Collected data
============
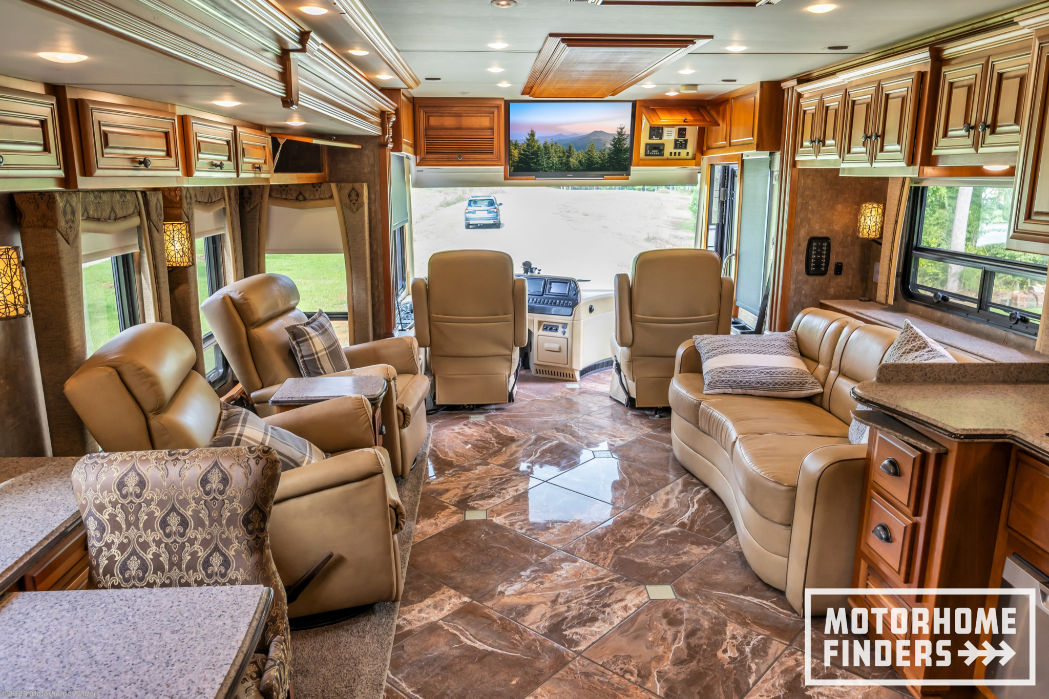 Villa Ultralux Leather Seating – Power captain’s chairs (heated) and sofa/recliners for ultimate comfort.
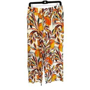C&C California Linen Pants Women Large Multicolor Fruit Resort Tropical Wide Leg
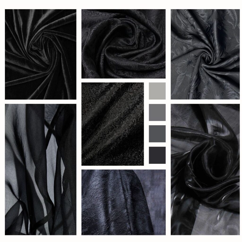 Velvet, silk, leather, suede, jacquard, brocade, organza. Embroidery, handwoven textures, or layered prints.
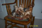 She sits on our laps, gives us loving kisses, plays each night and keeps us two older folks active and busy tending to her needs. We take walks we wouldn't normally to tend to her needs. We play catch in the living room with her, each of us down on the living room carpet and she bounces and barks (laughs) and prances and dances. She's our doll baby for sure. She sleeps with my husband and keeps him warm and loved. I dare say should we ever loose her since she filled that void I fear since she helped take away the grief and loss of his father, that I fear we would have to get the husband a person to fill the loss. (joking here).
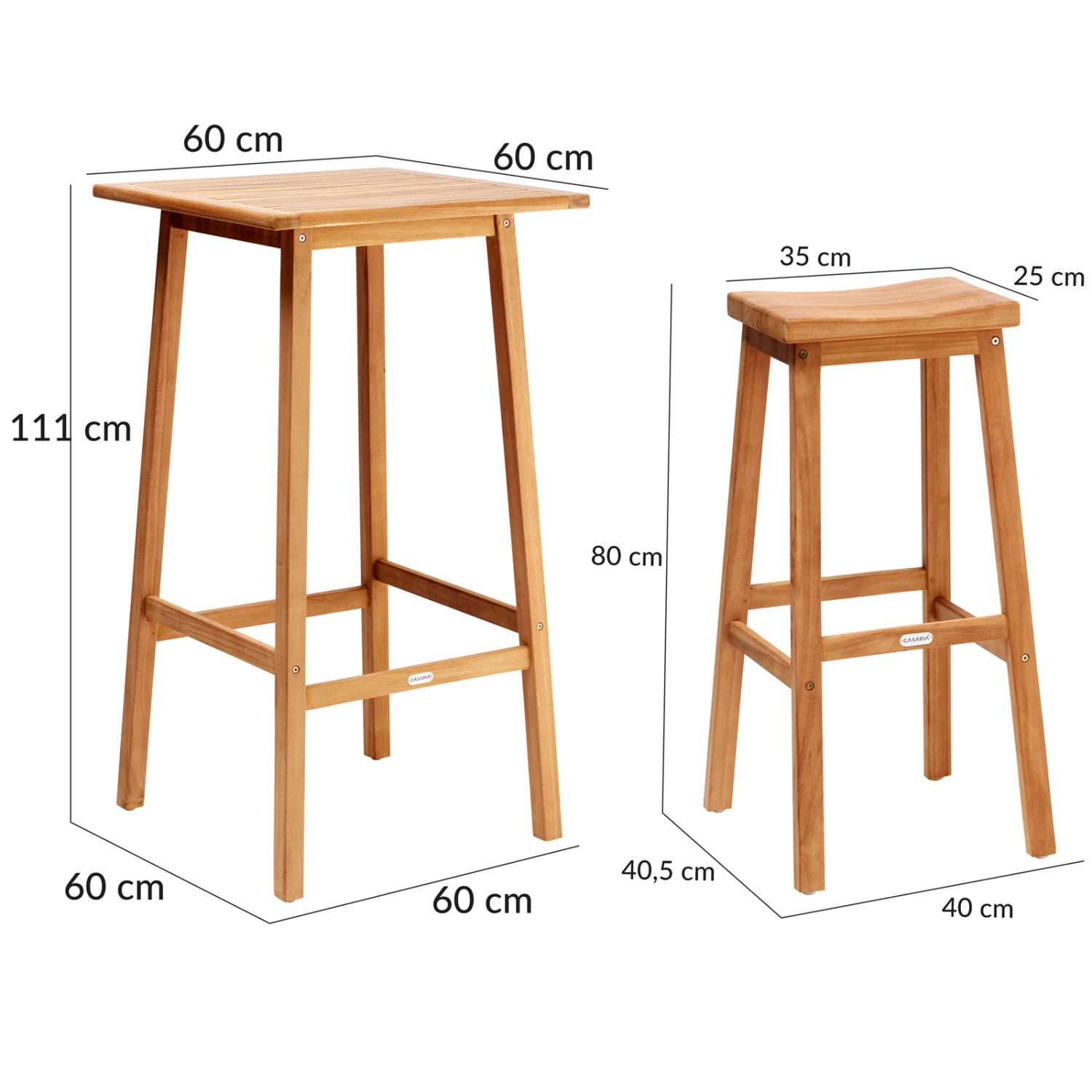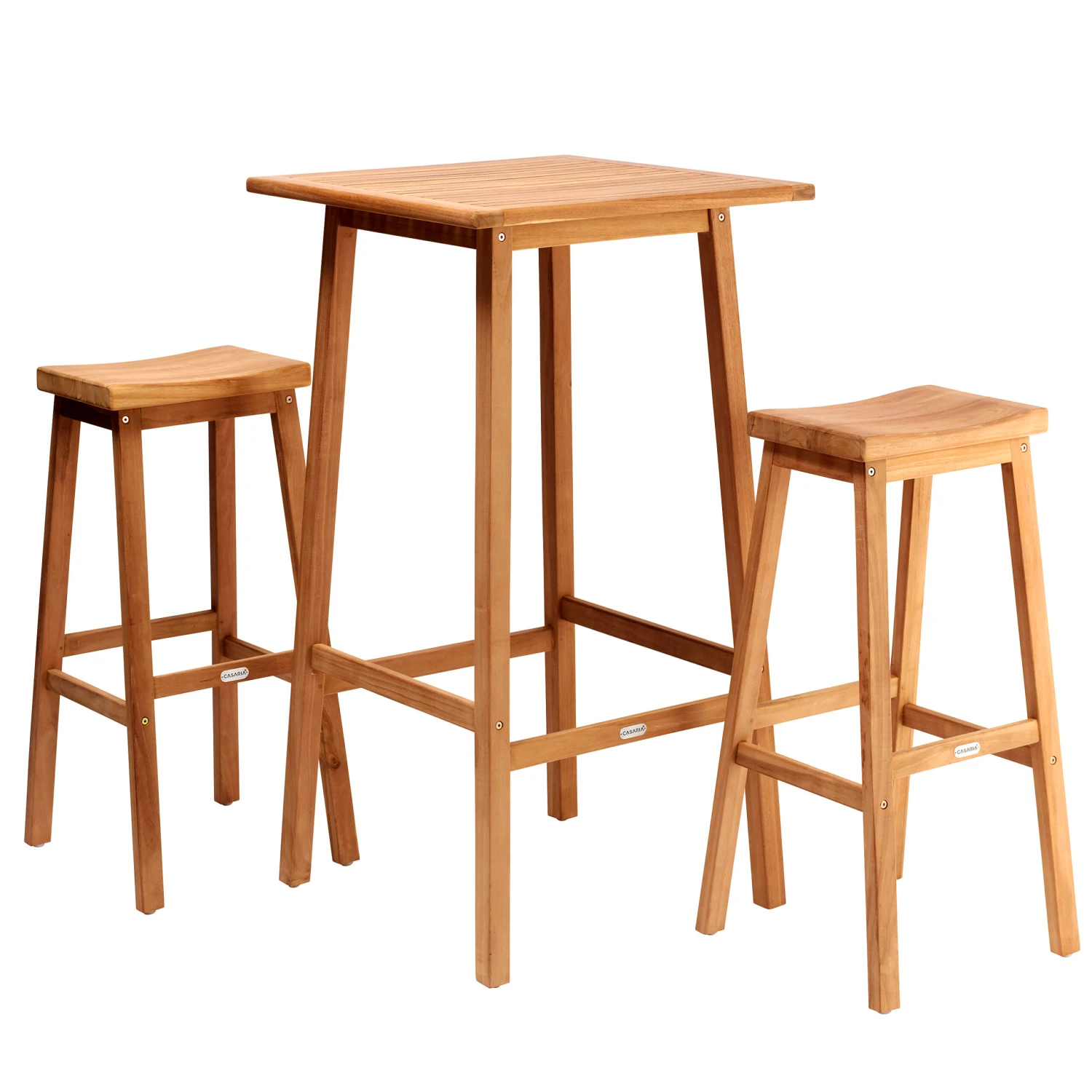 Teakholz ist durch seinen natürlich hohen Ölgehalt im Vergleich zu vielen anderen Hölzern widerstandsfähiger und somit perfekt für den Outdoorbereich geeignet. So werden Sie lange Freude an dem 3-tlg. Bar-Set haben. Aber auch im Innenbereich (z.B. in der Küche) macht dieses Set eine gute Figur.
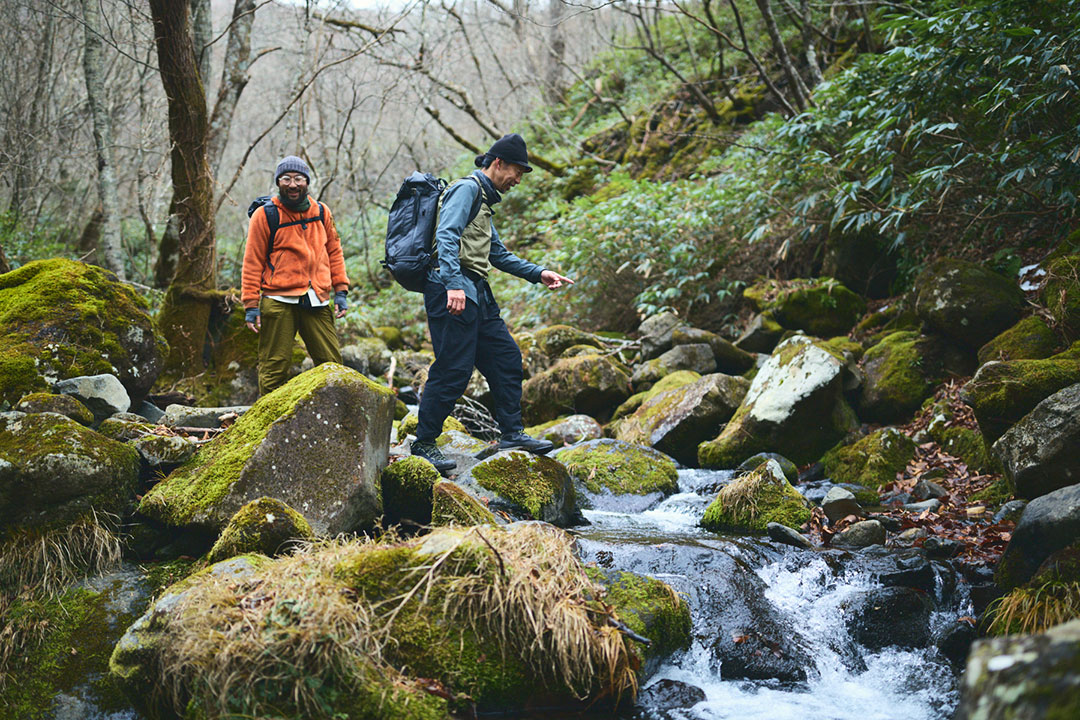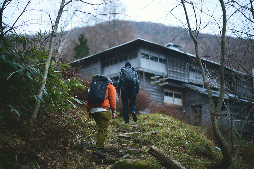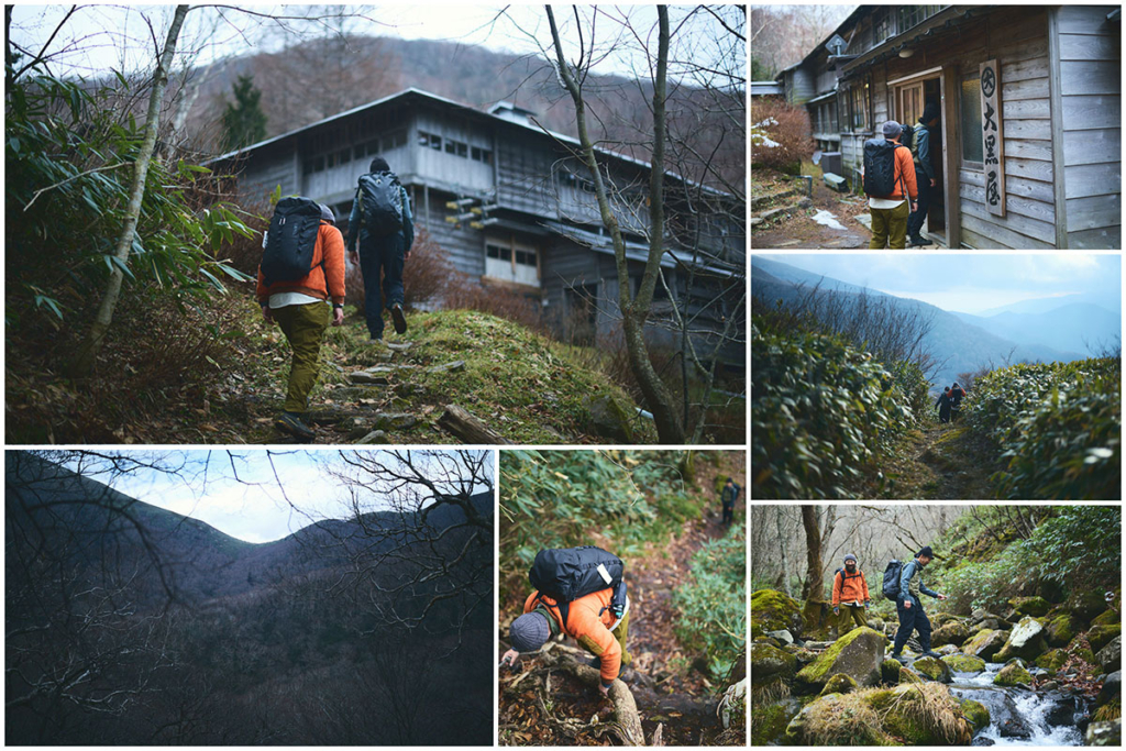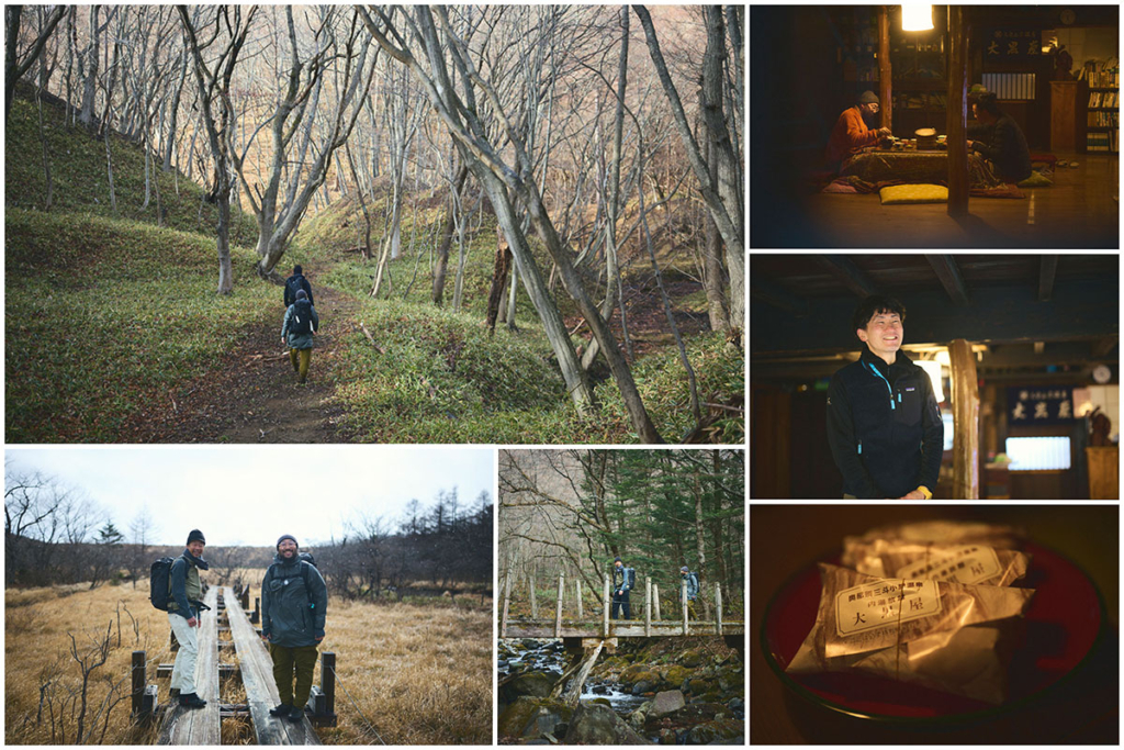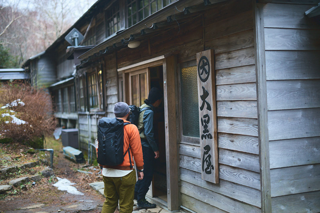 大峠からは、尾根道を越えて、谷間を流れる渓流を渡りながら約1時間30分。今宵の宿とした三斗小屋温泉の「大黒屋」へと到着する。木戸をガラガラ、ゴロゴロッと開くと、そこで山小屋の6代目当主となる高根沢春樹さんが満面の笑顔で出迎えてくれるのであった。
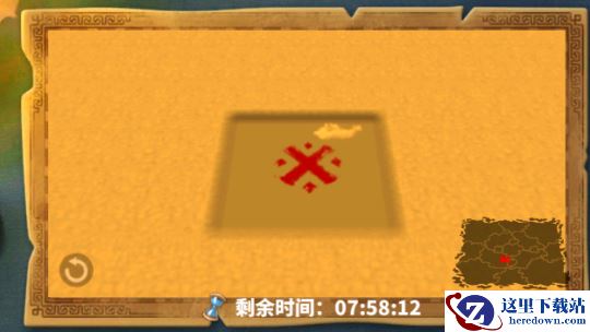 当集齐七种碎片以后点击开始寻宝按钮之后会有一个宝藏大概位置的小地图
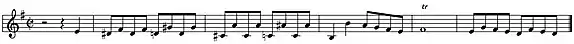 The subtitle of the work, commonly referred to as "The Wedge", refers to the first half of the fugue subject, which opens up as a sort of widening, chromatic wedge around the tonic point.[1] The tradition of descending chromatic fourths in Bach's e minor fugue subjects include the BWV 914 harpsichord Toccata, the BWV 855 Prelude and Fugue from the Well Tempered Clavier, Book 1, as well as the "Un poco Allegro" movement from the BWV 528 Organ Sonata.[7] The fugue, clocking at 231 measures, is among Bach's longest and most elaborate organ fugues. The movement is unique in that it is in a three-part structure, with the third da capo section being a note-for-note reprise of the first. The second section suddenly thrusts the piece into an over-one-hundred measure episode of rapid, toccata-like passages of great virtuosity, with the cascading passagework occasionally giving way to the subject.[8]
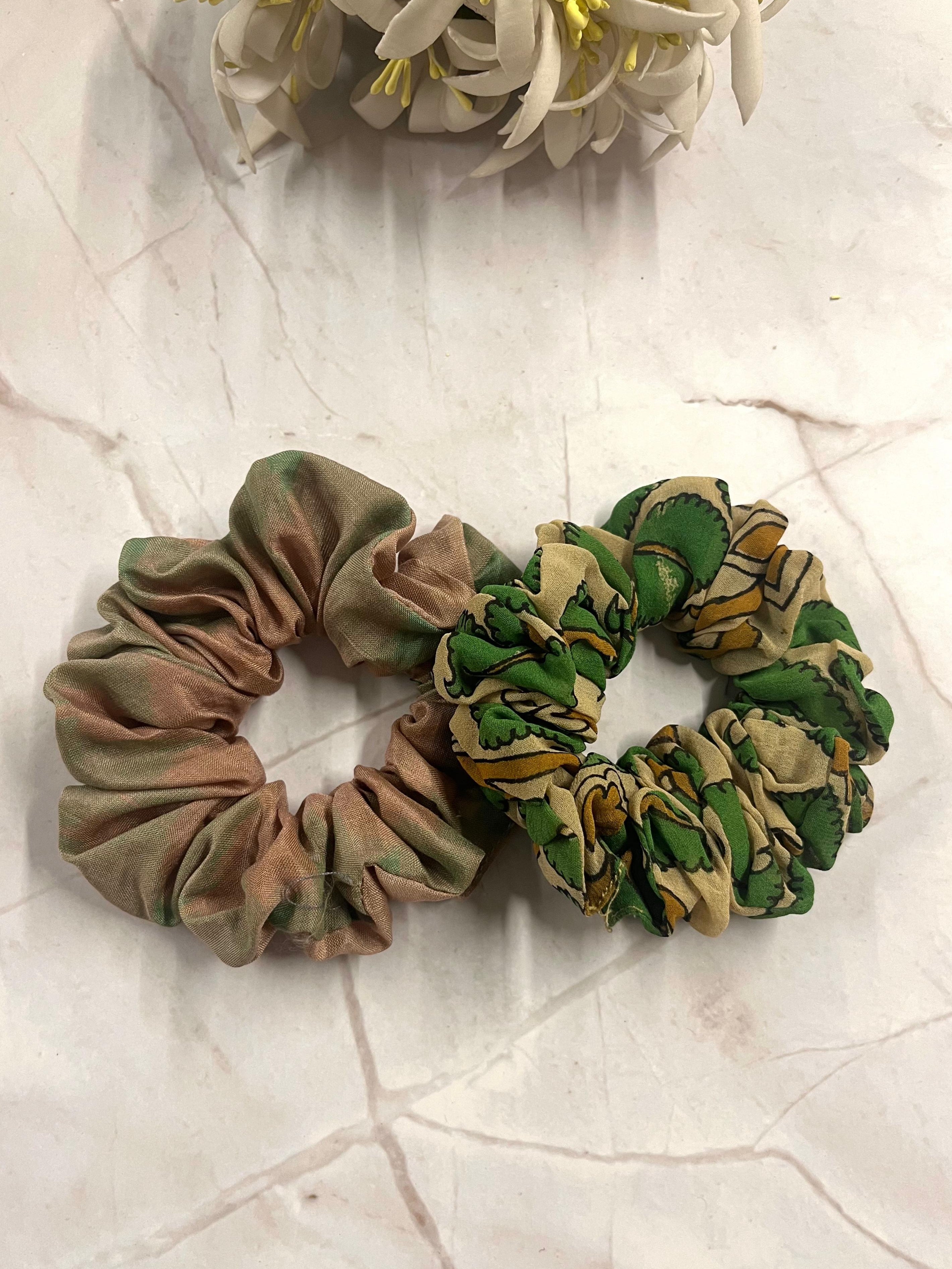 • Handloom fabrics upcycled into a pair of colourful hair ties/scrunchies.
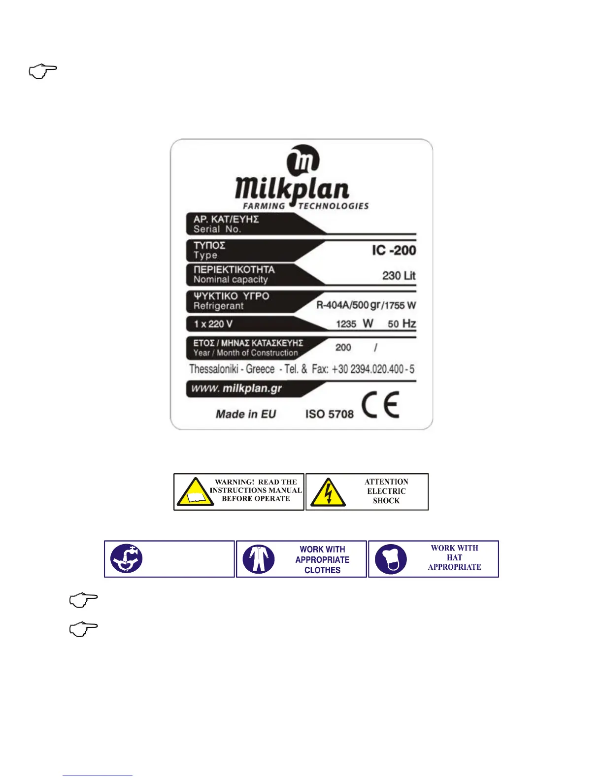 phone number, fax) and information for the proper installation of the machine (the model, serial number, year of manufacture,
============
(About this task) Write out exactly, and only, the lines running from the line with "colourful hair ties/scrunchies." to the last line above, both included, with all pictures omitted.

(Written response)
 • Handloom fabrics upcycled into a pair of colourful hair ties/scrunchies.
 phone number, fax) and information for the proper installation of the machine (the model, serial number, year of manufacture,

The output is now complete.